Project

General

Profile

Actions

Bug #6434

closed

Captive Portal upstream bandwidth restrictions not enforced

Added by Nick Peelman over 8 years ago. Updated over 8 years ago.

Status:
Not a Bug
Priority:
Normal
Assignee:
-
Category:
Captive Portal
Target version:
-
Start date:
06/01/2016
Due date:
% Done:

0%

Estimated time:
Plus Target Version:
Release Notes:
Affected Version:
Affected Architecture:

Description

I have configured a captive portal and set download and upload speed limits. The downstream limit works as intended. Clients aren't allowed more speed than what I configure.

Upstream doesn't seem to care though. If it set the upload restriction to 5Mbps (5000Kbps), I can still get 60+Mbps up. Is this a bug in the portal implementation, or a limitation of something further up the BSD stack?

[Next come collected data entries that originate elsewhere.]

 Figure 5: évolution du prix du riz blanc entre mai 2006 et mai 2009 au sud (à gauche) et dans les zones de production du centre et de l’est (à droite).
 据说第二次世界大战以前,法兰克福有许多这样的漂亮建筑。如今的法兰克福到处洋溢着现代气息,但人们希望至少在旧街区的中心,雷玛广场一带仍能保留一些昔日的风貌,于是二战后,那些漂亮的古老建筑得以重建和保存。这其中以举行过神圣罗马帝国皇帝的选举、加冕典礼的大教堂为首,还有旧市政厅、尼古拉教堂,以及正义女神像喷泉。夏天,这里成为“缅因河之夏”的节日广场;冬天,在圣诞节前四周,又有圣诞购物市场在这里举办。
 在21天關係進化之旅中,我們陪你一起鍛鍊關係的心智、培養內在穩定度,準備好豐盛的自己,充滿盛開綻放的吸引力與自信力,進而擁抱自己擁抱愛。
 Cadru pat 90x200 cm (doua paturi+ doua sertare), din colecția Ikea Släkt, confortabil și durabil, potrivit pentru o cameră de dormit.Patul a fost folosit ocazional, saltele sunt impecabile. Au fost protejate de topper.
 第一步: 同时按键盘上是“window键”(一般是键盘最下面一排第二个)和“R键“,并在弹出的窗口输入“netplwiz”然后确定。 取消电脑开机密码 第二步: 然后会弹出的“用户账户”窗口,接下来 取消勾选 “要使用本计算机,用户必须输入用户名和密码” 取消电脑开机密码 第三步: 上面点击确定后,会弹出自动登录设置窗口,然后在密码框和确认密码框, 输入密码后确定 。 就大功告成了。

I am not using authentication, just a simple clickthrough agreement.

Actions #1

Updated by Chris Buechler over 8 years ago

  • Status changed from New to Not a Bug

no apparent issues. With no auth, on 2.3.1_1.

At 500 Kb up and down:
http://www.speedtest.net/my-result/5371474771

At 5000 Kb up and down:
http://www.speedtest.net/my-result/5371488960

At 50000 Kb up and down:
http://www.speedtest.net/my-result/5371498082

Actions #2

Updated by Nick Peelman over 8 years ago

Figured it out; when changing bandwidth limits, you seem to have to restart the captive portal instance/zone/service. That is non-obvious from the interface. A hint alongside those input boxes would be helpful to future users. Or have the instance/zone/service restart itself when those values change.

So we can either turn this into a feature request or todo (I don't seem to be able to edit the original ticket) or it can be closed.

Thanks for your assistance!

Actions #3

Updated by Chris Buechler over 8 years ago

You don't have to restart it. It only applies to new sessions, so you have to disconnect any existing if you want it applied. That's just the nature of it, often people don't want to disconnect everyone immediately when changing the limit, so it's correct as-is.

Actions #4

Updated by Nick Peelman over 8 years ago

That wasn't the behavior I was seeing; but I was also knee deep in a dozen other fires most of the day, so I could be wrong. Mea Culpa.